LncRNA NEAT1 promotes epithelial-mesenchymal transition in nasal polyp cells via the miR-199-3p/PAK4 axis.

BACKGROUND AND PURPOSE

Chronic rhinosinusitis with nasal polyps (CRSwNP) is a persistent inflammatory condition marked by high recurrence and limited therapeutic efficacy. This study investigates the role of long non-coding RNA NEAT1 in promoting epithelial-mesenchymal transition (EMT) in CRSwNP, focusing on its regulatory interaction with the miR-199-3p/PAK4 axis.

METHODS

NEAT1 expression was assessed in nasal epithelial cells from CRSwNP patients using qPCR and FISH. Primary human nasal epithelial cells and BEAS-2B cells were subjected to NEAT1 knockdown via siRNA. Cell migration, barrier function, and cytoskeletal dynamics were evaluated through scratch assays, Transwell migration, FITC-Dextran permeability testing, and phalloidin staining.

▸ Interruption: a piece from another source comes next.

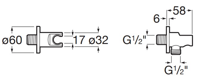Racord de perete cu ieşire pentru furtun de duş şi suport fix pentru para de duş, incluzând cot de apă şi prindere pentru duş. Racordul pentru apă este conform standardului G 1/2", compatibil cu majoritatea furtunurilor de duş. Carcasa este metalică cu finisaj Matt Black, asigurând rezistență la coroziune și uzură, și oferă un aspect elegant și discret băii.

EMT marker expression was analyzed via Western blotting and immunofluorescence. Transcriptome sequencing identified PAK4 as a downstream effector. validation was performed using a mouse nasal polyp model, and molecular interactions among NEAT1, miR-199-3p, and PAK4 were confirmed via dual-luciferase reporter assays. Rescue experiments further elucidated mechanistic pathways.

RESULTS

In comparison to controls, NEAT1 expression was significantly elevated in the epithelial tissues of CRSwNP. NEAT1 knockdown inhibited cell migration, enhanced epithelial barrier integrity, and reversed EMT-associated cytoskeletal remodeling. E-cadherin levels increased, while N-cadherin and vimentin decreased. Transcriptomic and functional analyses identified PAK4 as a NEAT1-regulated target. NEAT1 was shown to sponge miR-199-3p, thereby relieving its inhibitory effect on PAK4. Overexpression of miR-199-3p suppressed PAK4 and mitigated EMT-related changes induced by NEAT1.

CONCLUSION

NEAT1 promotes EMT in nasal polyp epithelial cells by modulating the miR-199-3p/PAK4 axis, highlighting its potential as a diagnostic biomarker and therapeutic target in CRSwNP.